Have the absent galleries on the PGA TOUR made an impact on player performance? Is scoring easier without the tense ambience of the crowd? 15th Club combed through thousands of rounds both before and after the pandemic began to try and answer that question.
Lower Scoring Without Fans
While the answer isn’t a direct, one to one proposition, scoring has definitively been lower on the PGA TOUR since the Return To Golf in May.
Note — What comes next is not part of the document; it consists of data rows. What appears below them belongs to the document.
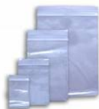
Sacos PP Tamanhos Cód 1100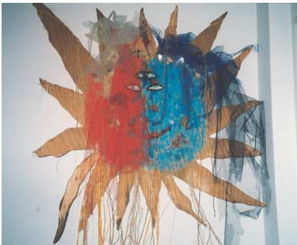
Κατασκευή με άχρηστο υλικό. Μεικτή τεχνική: κολάζ, ζωγραφική.

Αν ως παιδαγωγοί λειτουργούμε μ' αυτό τον τρόπο, τότε θα έχουμε πετύχει τους στόχους της αγωγής ως προς τη δημιουργία πολιτών που αγαπούν την τέχνη και τον πολιτισμό.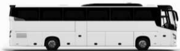
ตัวอย่างรถทัวร์ 1 คัน

ค่าที่พักตามที่ระบุในรายการหรือเทียบเท่าระดับเดียวกัน (ห้องพักละ 2 ท่าน) หากประเภทห้องที่ท่านริเวสมาเดิม อาทิ เช่น ริเวสห้องพักเป็น TWIN BED หรือ DOUBLE BED ทางบริษัทของสงวนสิทธิ์ในการปรับประเภทห้องพัก เป็น ตามที่โรงแรมมีอยู่ โดยไม่ต้องแจ้งให้ทราบล่วงหน้า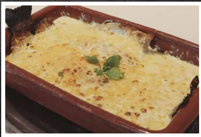
► Truta ao molho de catupiry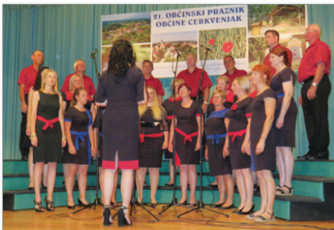
V bogatem kulturnem programu na proslavi je sodeloval tudi mešani pevski zbor Kulturnega društva Cerkevjak.

Tomaž Kšela, foto: arhiv Občine Cerkevjak in T. K.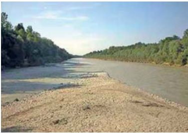
Abb. 23 „Saalachspitz“, Zusammenfluss von Salzach und Saalach, den beiden wichtigsten Flüssen des Bundeslandes, nördlich der Landeshauptstadt Salzburg.

Mit einer Fläche von etwas mehr als 7.000 km 2 zählt es zu den kleineren österreichischen Bundesländern. Der größte Teil des Landes wird von Hochgebirge dominiert. Der höchste Berg des Bundeslandes ist der Großvenediger (3.674 m). Von den fünf politischen Bezirken des Landes liegt nur der Bezirk Salzburg-Umgebung zum Großteil im Flachland – er wird daher auch als „Flachgau“ bezeichnet.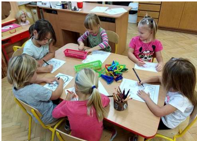
Děti z mateřské školy při práci.

čemu se děti věnují. Kolegyně neustále přicházejí s novými nápady, plánují si další akce. Hezkých činností se ve školce denně odehrává celá řada, ale vždy musí být paní učitelky po celý den ve velkém střehu. Děti jsou zkrátka děti a vždy se může něco stát. Paní učitelka musí mít oči všude.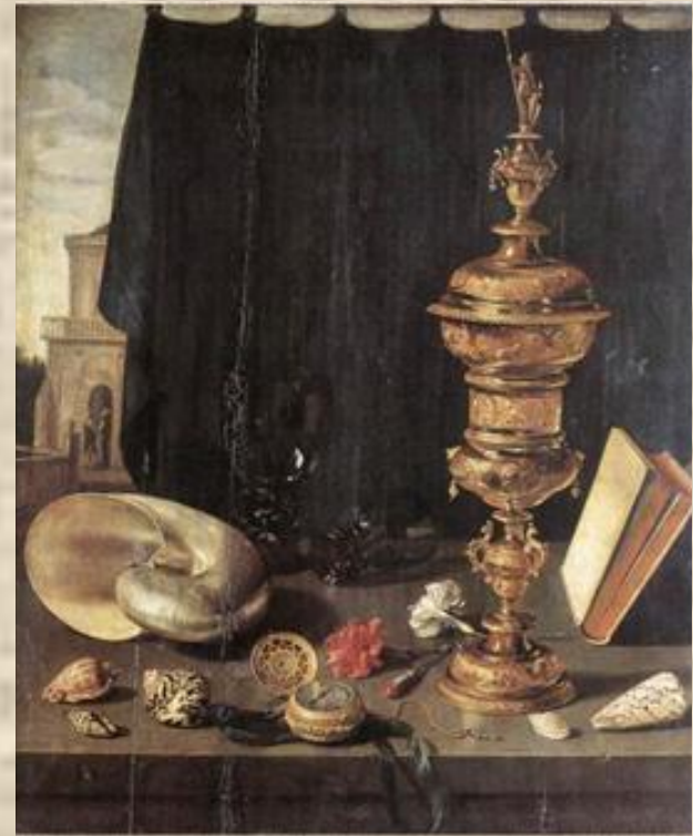
Клаф «Натюрморт с большим золотым кубком»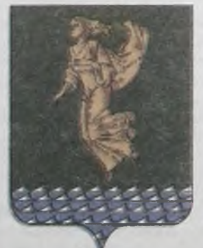
Официальный, утвержденный существующий герб нашего города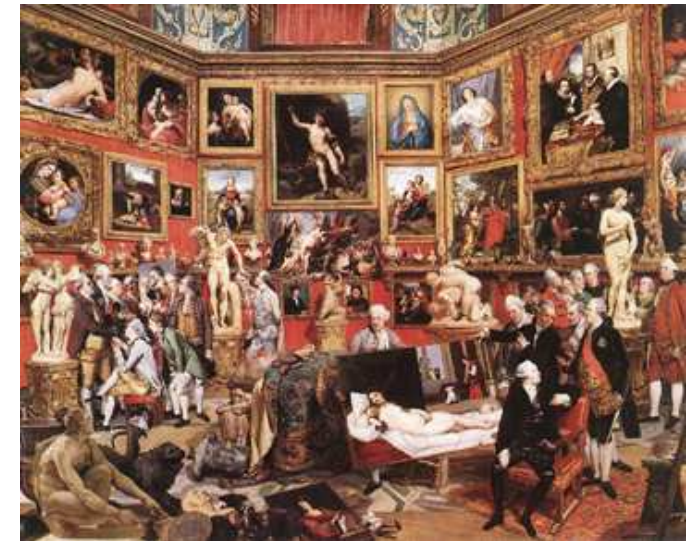
Johann Zoffany The Tribuna of the Uffizi , 1772-78 Royal Collection, Windsor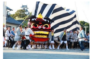
【掛川祭における三大余興の1つ「大獅子」】

国指定重要文化財「掛川城御殿」や国指定史跡「横須賀城跡」及びこれらの城下町等と、掛川祭における三大余興や三熊野神社大祭等からなる歴史的風致の維持向上を図るため、伝統的建造物の保存修理・活用、道路の無電柱化や舗装の美装化、城跡の復元等が位置づけられています。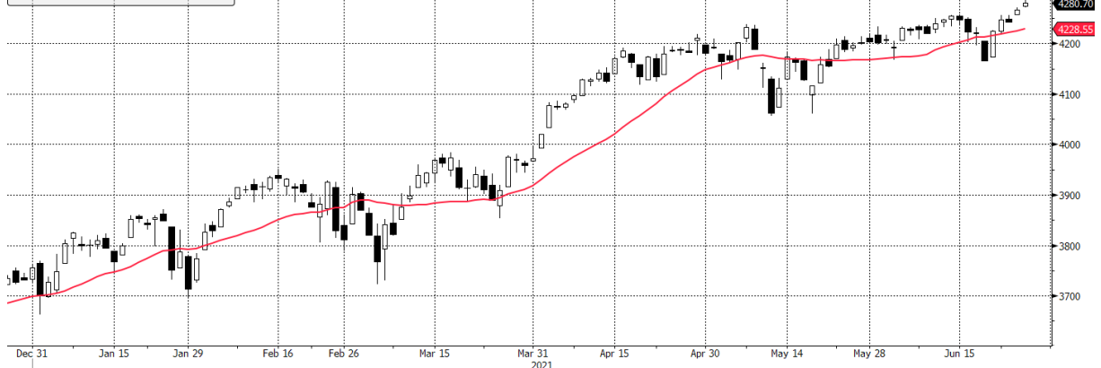
SPX Index (S&P 500 INDEX) g1598 Daily 26DEC2020-26JUN2021

SPX Index - Last Price 4280.70 SPX Index - Moving Average 20 Day 4228.55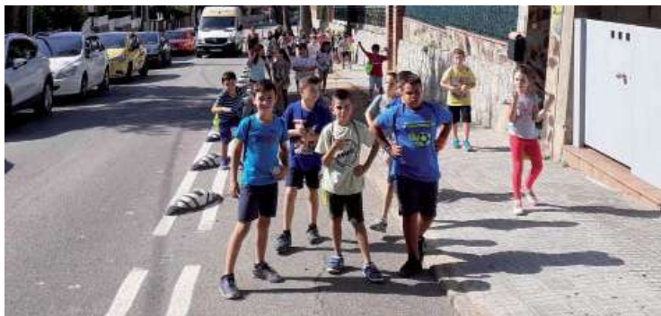
Caminada escolar per la zona del camí entre les escoles Sant Jordi i Pau Casals

La multinacional productora d'àcid làctic establerta a Montmeló, col·labora des de fa molt temps amb un gran nombre de tallers i activitats relacionades amb la sostenibilitat, l'ecologia i el reciclatge. Fruit d'aquesta estreta col·laboració entre Corbion i l'administració municipal són els tallers que ofereixen durant la Castanyada i el Parc de Nadal, o els patrocinis en actes de la Festa Major.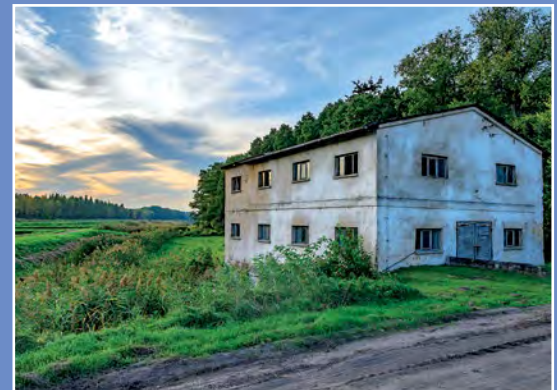
Stawy Zawada Teiche in Zawada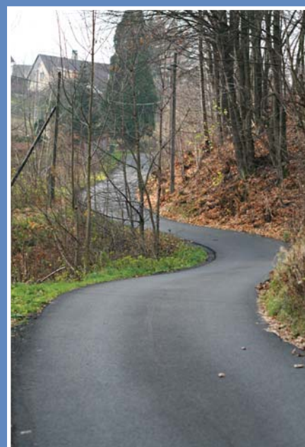
Fotografie k článku „Slovo starosty“ Cesta na Vyšehrad

služebna: Janov nad Nisou, budova radnice, vedle hlavního vchodu vpravo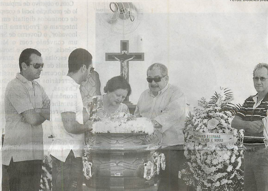
■ Parentes e amigos estiveram no velório no cemitério Colina da Saudade

Since the 2020 Charles Schwab Challenge, the overall scoring average on TOUR is 70.44. In the 2½ seasons leading up to that point, the average was 70.80. Rounds in the 60s also increased, from 36.0%, to 41.7% since play resumed.
But is this a direct effect of reduced crowd size, or simply the continuation of scores getting lower on TOUR? Overall scoring average improved, rather significantly, each of the previous three years. In the 2017-18 season, the average score on the PGA TOUR was 70.91. That improved by 0.19 strokes the next season, and another 0.14 strokes in 2019-2020. While 35.1% of all rounds played in the 2017-18 season were in the 60s, that number is well over 39% since the beginning of last season.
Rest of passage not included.